3. Questioning industrial models

This relates to both the first two points. If you are adopting a process or structure that was effectively invented for the industrial age, then question it. The post-enlightenment, industrial age created vast intelligence about ways of working together that suited a world of limitless natural resources and potential. In the 21stcentury we live in a different age, resources are running dry and we need to think and live differently if we are going to survive to the 22nd century. Our making processes should always be suspicious of those structures that were devised for an industrial age in a very different context.

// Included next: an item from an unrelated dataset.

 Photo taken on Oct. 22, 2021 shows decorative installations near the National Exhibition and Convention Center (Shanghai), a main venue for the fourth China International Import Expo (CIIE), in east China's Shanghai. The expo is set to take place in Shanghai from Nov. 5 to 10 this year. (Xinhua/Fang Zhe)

4. Hierarchy vs. collectivism

In any structure we have to strike the right balance between directing and listening, between control and freedom, between rights and responsibilities. Open Space Technology creates a set of guidelines for groups to come together, debate and define actions. As a methodology it has devised highly successful answers to creating a balance in these areas. However, I doubt you could create a very successful piece of theatre using Open Space. But how many people address these specific issues in the way they establish the culture of their rehearsal rooms?

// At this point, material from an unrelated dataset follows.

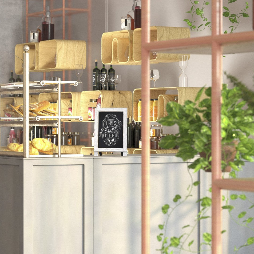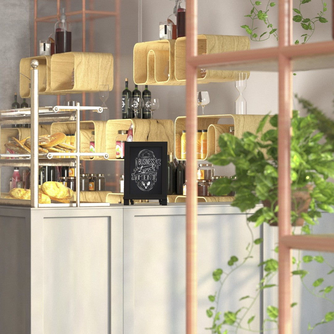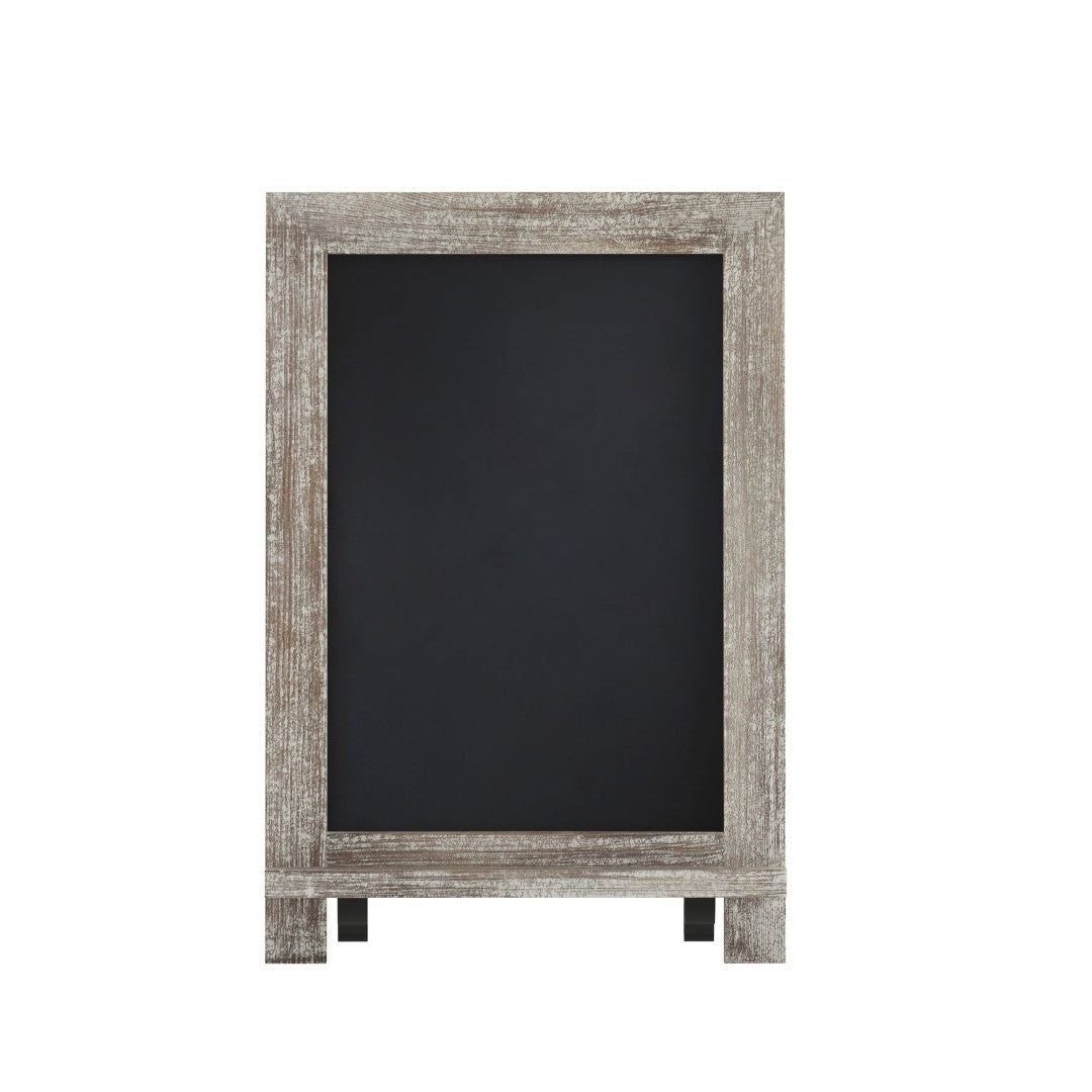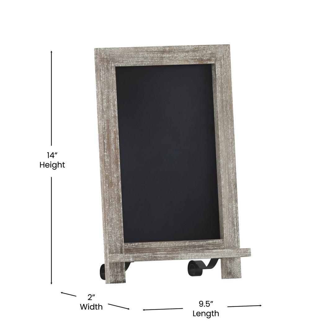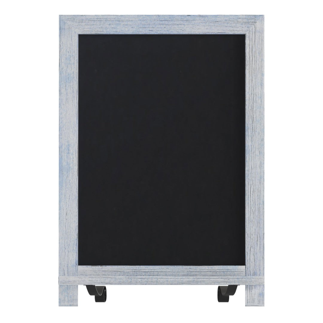 Keep your home or business organized with this elegant set of 10 weathered tabletop chalkboards. Each board pairs a classic distressed pine frame with a durable, non-porous porcelain steel writing surface that works with liquid chalk markers or traditional chalk. Use them freestanding on counters and tables or fold the scrolled metal legs and hang them on the wall for a polished message center — perfect for menus, reminders, seating assignments, or event signage.

5. Openness to experiment with hybridity

Creative organisations or structures actively experiment. There will be a culture of trying things out. Sometimes experiments will be carried out just for fun, just because it is good to break out of a pattern. Calcifying structures will be distrusted, even if just to reinvest our trust in them once they have been tested. There will be an implicit understanding that as time passes, so a changing context changes everything else, and that we should ask again what we are doing and why. We should seek to connect with different ways of doing things: different kinds of people; different disciplines; different approaches. Hybridity leads to new models and new discoveries.

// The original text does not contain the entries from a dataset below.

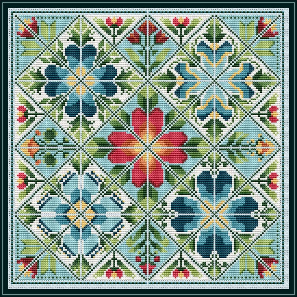 A full stitch quilt and floral inspired design that finishes at 147w x 147h. Not quite full coverage with fabric color peeking through between blocks and at the edges. Charted with 12 DMC colors.
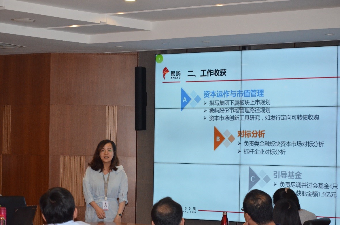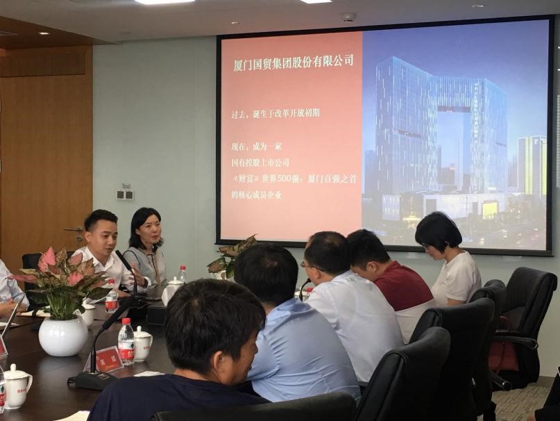 5月29日上午10点整,一行人到达位于湖里区海峡金融中心的国贸股份新址国贸中心。活动开场由国贸股份人力资源部孔繁星总经理主持,他首先介绍了国贸股份副总裁李云山以及各事业部人力资源负责人。李云山副总裁还对国贸股份的发展历程、“3+X”主营业务、员工待遇、企业文化进行了深入、详细的介绍。国贸股份诞生于改革开放初期,其主营业务为供应链管理、房地产管理、金融服务三大项。发展至今,国贸股份已经成为了世界500强核心成员企业以及中国上市公司50强企业,不仅世界排名靠前,集团还十分注重员工权益,充分给予新员工机会和晋升发展途径,除此之外,集团还关注企业文化,经常举办员工俱乐部和组织活动。李云山副总裁对于国贸股份如数家珍,与会人员也是全神贯注、认真聆听。
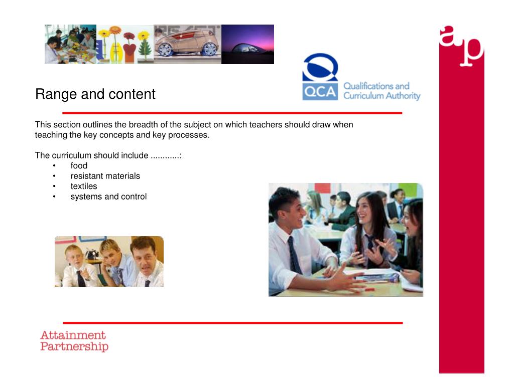 Range and content This section outlines the breadth of the subject on which teachers should draw when teaching the key concepts and key processes. The curriculum should include ............: • food • resistant materials • textiles • systems and control

Each of these principles requires us to be more vulnerable. Arguably each principle increases the amount of risk that we face because we open ourselves to more unknown factors. Therefore we will need to find ways to manage risks but the rewards could be much greater. Perhaps if we deployed as much vulnerability and creative thinking to the way we develop structures and frameworks for making theatre, as we do to the process of creating the work itself, we would have a more sustainable and flourishing creative culture.

Applying these principles beyond the arts

If we accept that vulnerability has value then I think it is worth considering how it can be deployed more widely.

  • In English schools, government policy and a target driven exam culture has encouraged stigmatism around making mistakes. And yet mistakes are the way that we learn and find out new possibilities. How can experimentation and learning from mistakes become part of a school’s learning culture?
  • In the building industry, laws around planning, design and procurement have done their best to iron out risk from the process, yet thousands of legal disputes occur every year demonstrating the fallacy of the strategy. Human centred building developments are stifled. Lina Bo Bardi, architect and collaborator for Teatro Oficina, would have struggled to have her buildings built in England due to these frameworks.
  • Party political posturing and equating vulnerability with weakness has led to little room for risk in the realm of public policy and yet how are we to find the solutions to huge global problems such as climate change or mass migration without experimentation and testing of new ideas?

With good intentions, we are serial risk managers. Yet we often iron out the very human creativity that will enable our growth and development. For all the hand-wringing about climate change we are failing to address CO2 levels in the atmosphere. Is it surprising that we cannot tackle this global catastrophe when our day to day organisational frameworks and structures fail to connect us to ourselves and to each other? Unless we are vulnerable together, it is hard to imagine that we will come up with a creative and collective answer.